“If I spoke about it – If I did – what would I tell you, I wonder? Would I tell you about the time...? It happened a long time ago – in the last days of a fair Prince’s reign... Or would I tell you about the place? A small city near the coast but far from everything else... Or would I tell you about her? The princess without voice...”
These are the opening lines to Guillermo del Toro’s The Shape of Water, and they seem to promise us a traditional fairy tale, but the director very quickly disabuses us of any notion that this is a film for all the family. Within minutes of being introduced to her, we see Eliza (Sally Hawkins) masturbating in the bathtub – a daily morning ritual, it seems – and later there are many gruesomely violent sights in store for us, from one man’s nearly severed fingers growing black and pungent with infection to someone being dragged across the ground by a finger hooked through the bloody hole in his cheek. No, The Shape of Water is definitely not for kids.
And yet, there is something inherently childish about del Toro’s film. Perhaps the director believes that he is making a mature work by filling it with sex, violence and swearing, but I’d rather see some maturity in his storytelling, some hint of moral shading or ambiguity. The Shape of Water exists almost entirely on the surface; a high-concept premise executed in the most basic way. The film asks us to buy into a fantastical romance but it doesn't put in the ground work required to give that relationship a genuine emotional resonance, and del Toro relies too heavily on his extremely talented cast to transcend the one-dimensional characterisations he has given them and invest the film with something that feels real. To their credit, they almost get it there.
A lot of that weight rests on Sally Hawkins' slender shoulders. As the mute heroine, who dances around in private moments with images of classic films swimming in her mind, it would have been easy for Hawkins to overplay the winsome innocence and become cloying, but there's a quiet determination and a vital flintiness in her performance. When the villainous Colonel Strickland (Michael Shannon) attempts to intimidate her, she responds with a knowing smile before signing F-U-C-K-Y-O-U to score a silent victory over this tyrant. Hawkins can't really sell her attraction to the fish/man creature that's at the heart of The Shape of Water, though. She might have been capable of this feat given ample time, but del Toro rushes through the various stages in the relationship with indecent haste. Within the first 45 minutes of the movie she has moved from wanting to feed the merman eggs and communicate with it, to taking it home and having sex with it. Where exactly does this desire spring from? Doesn't she feel any trepidation, despite seeing it sever a man's fingers and eat a cat?

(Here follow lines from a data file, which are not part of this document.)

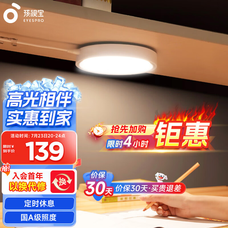 孩视宝台灯护眼学习专用卧室床头阅读便携磁吸护眼灯AC27-W价格:199.00元!
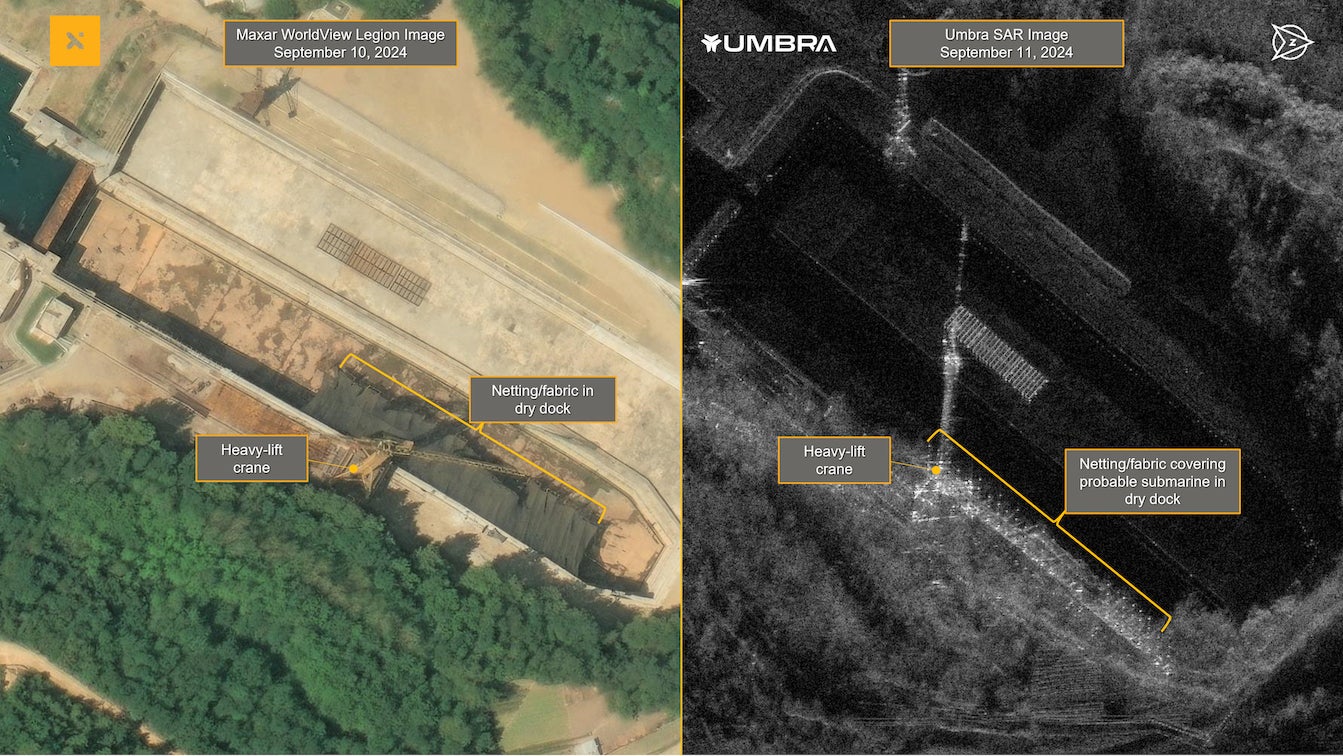 An Umbra SAR image on the right, and WorldView Legion satellite on the left. Maxar graphic
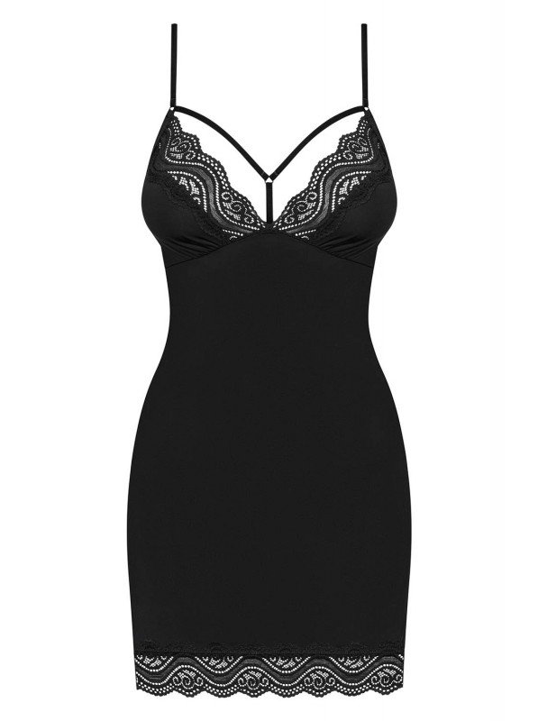 Лаконичная черная сорочка короткой длины, прекрасно подчеркивающая фигуру. Мягкие чашечки сорочки и подол украшены узорчатым кружевом. Тонкие регулируемые бретели красиво соединяются в зоне декольте эластичными тесемками.

Everyone in The Shape of Water moves on straight lines, clearly delineated as good guys and bad guys. Michael Shannon is an actor capable of nuance but del Toro doesn't ask him to provide any. He and his superior General Hoyt (Nick Searcy) are the real monsters of the film, representing American authority figures terrorising the band of outsiders (a freak of nature, a mute woman, a black woman and a gay man) whom we are encouraged to cheer for. The one character who alters in our perception is Michael Stuhlbarg, as an initially shifty scientist who is subsequently revealed to be on the side of the angels, but he’s stuck in a useless Soviet subplot that has little to do with the main narrative. The lurking Red Menace just feels like another ‘60s Americana trope that del Toro is adding to the background of his film like it's just another piece of production design; like the handsome, smiling guy in a diner who is revealed to be both homophobic and racist in the space of 30 seconds in a laughable scene.
Del Toro’s scripts often feel like they are lagging some distance behind his direction. The Shape of Water is as lovingly designed as you'd expect it to be (even if I found the insistent green/red colour scheme to be a little drab and tiring), and he pulls off some beautiful individual moments. I loved the bookending shots of Eliza floating in water, and the charming, intimate scenes in which she and her neighbour Giles (a wonderful Richard Jenkins) are captivated by old movies on TV, but these are just isolated moments of inspiration in a film that often feels pedestrian and frustratingly sloppy in its storytelling. I couldn’t watch Eliza fill her bathroom with water without wondering why the floor didn’t give way, or pondering the damage caused to the cinema downstairs, and I couldn’t overlook the character inconsistencies and logical leaps necessitated by the film’s plotting in the final stages. I’m not asking for a fantasy movie to be watertight, but The Shape of Water is too easy, too complacent and too obvious to achieve the emotional force that I wanted to be swept away by.